# [Supplied records]
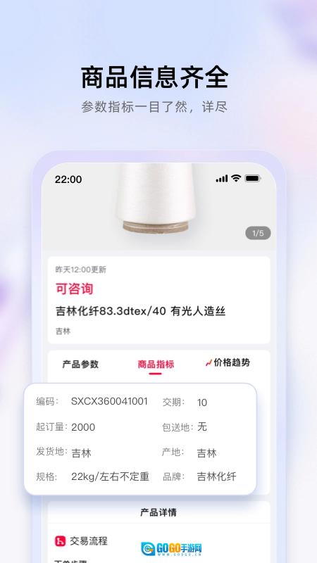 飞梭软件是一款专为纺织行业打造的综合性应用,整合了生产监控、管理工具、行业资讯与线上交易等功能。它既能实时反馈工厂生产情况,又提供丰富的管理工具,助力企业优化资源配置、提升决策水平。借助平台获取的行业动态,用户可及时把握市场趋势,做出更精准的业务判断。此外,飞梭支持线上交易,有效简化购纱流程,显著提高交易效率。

...

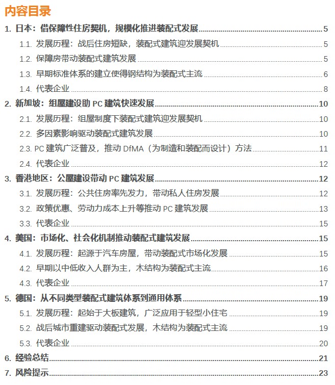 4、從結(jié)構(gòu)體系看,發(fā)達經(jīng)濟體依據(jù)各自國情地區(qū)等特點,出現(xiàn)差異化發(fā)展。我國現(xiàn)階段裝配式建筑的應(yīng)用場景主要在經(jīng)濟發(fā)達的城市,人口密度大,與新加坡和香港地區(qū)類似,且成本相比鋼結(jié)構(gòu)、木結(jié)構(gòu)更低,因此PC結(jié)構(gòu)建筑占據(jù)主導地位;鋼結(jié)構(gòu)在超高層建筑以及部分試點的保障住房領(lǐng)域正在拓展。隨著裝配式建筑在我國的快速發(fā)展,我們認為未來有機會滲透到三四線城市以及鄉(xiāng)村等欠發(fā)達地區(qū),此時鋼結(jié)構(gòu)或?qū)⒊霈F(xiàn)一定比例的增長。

--

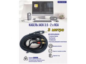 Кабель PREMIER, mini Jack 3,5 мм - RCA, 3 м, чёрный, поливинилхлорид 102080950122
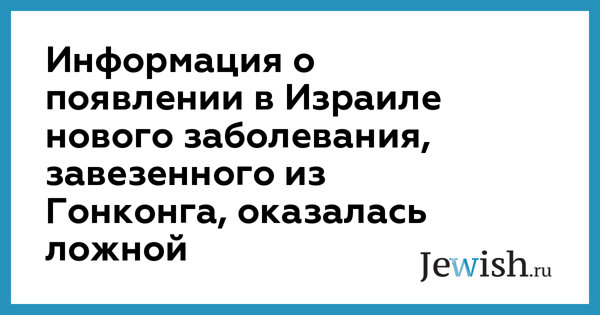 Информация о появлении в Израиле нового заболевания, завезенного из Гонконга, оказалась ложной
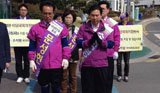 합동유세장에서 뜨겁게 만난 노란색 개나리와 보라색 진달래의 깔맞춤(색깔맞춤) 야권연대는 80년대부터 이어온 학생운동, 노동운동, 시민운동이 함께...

# [Task]
Because only one stretch of the records is wanted, please output the lines from the one holding "Информация о появлении" through the one holding "합동유세장에서 뜨겁게 만난" exactly, both included, and leave every picture out.

# [Solved exercise]
 Информация о появлении в Израиле нового заболевания, завезенного из Гонконга, оказалась ложной
 합동유세장에서 뜨겁게 만난 노란색 개나리와 보라색 진달래의 깔맞춤(색깔맞춤) 야권연대는 80년대부터 이어온 학생운동, 노동운동, 시민운동이 함께...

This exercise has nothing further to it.